As published in the Wall Street Journal, David French, senior vice president of government relations for the National Retail Federation, a group lobbying for the Marketplace Fairness Act, said the following:
"The industry is evolving very rapidly, and the law today is a 20th-century interpretation of an 18th-century document that is holding back the entire retail industry as it adapts to 21st-century consumer preferences and demand," said David French, senior vice president for government affairs at the National Retail Federation, a retail-industry trade group lobbying for the legislation.
The Commerce Clause in the U.S. Constitution affirms that states cannot tax across their borders. Physical presence within a state’s boundaries is required for a state to be able to tax a business, a consumer, or a sale. The Constitution is clear: a person or business must be physically present within a state’s borders in order to be taxed. By suggesting the Constitution is outdated, Internet tax pushers align themselves with the rhetoric of far-left judicial activists.

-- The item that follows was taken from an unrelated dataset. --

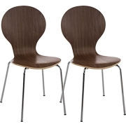 CLP 2X Stapelstuhl Diego I Konferenzstuhl Mit Holzsitz Und Stabilem Metallgestell I 2 x Platzsparender Stuhl Mit Pflegeleichter Sitzfläche, Farbe:walnuss
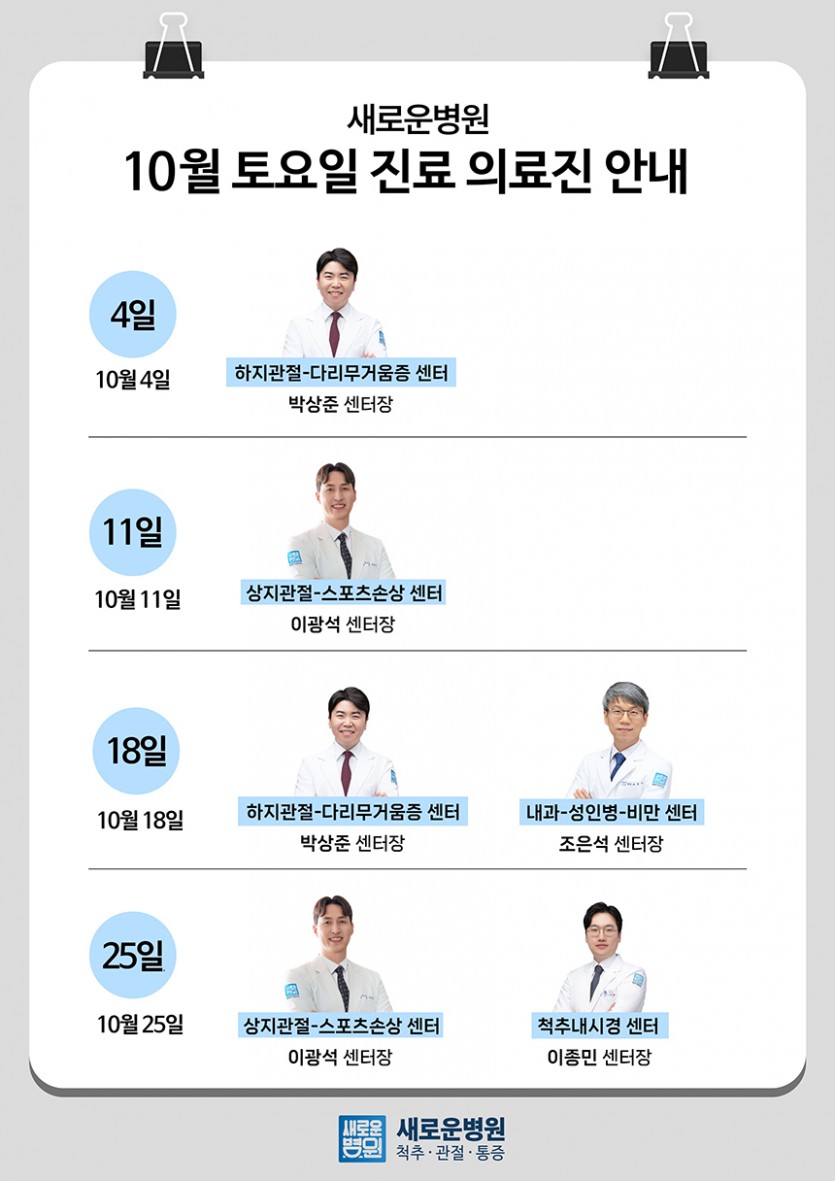 [병원 소식] 새로운병원 10월 토요일 진료 안내

Americans for Tax Reform has pointed out five reasons the Marketplace Fairness Act is bad for taxpayers:
Expands State Tax Authority: State governments will be able to tax across their borders despite clear legal and judicial precedent arguing otherwise.
Slippery Slope to More State Tax Grabs: Opens the door for further government intervention in the Internet and for states to reach across their borders for other taxes.
Tax Complexity: Small businesses would be forced to accommodate over 9,000 highly variable state and local tax codes and be required to settle disputes with out-of-state revenue boards in out-of-state courts.
Discourages Tax Competition: Rather than competing to lower taxes and attract businesses, states will compete to raise taxes on residents of other states.
Threatens Privacy: Business and state revenue boards with a track record of losing private information will have more chances to do so.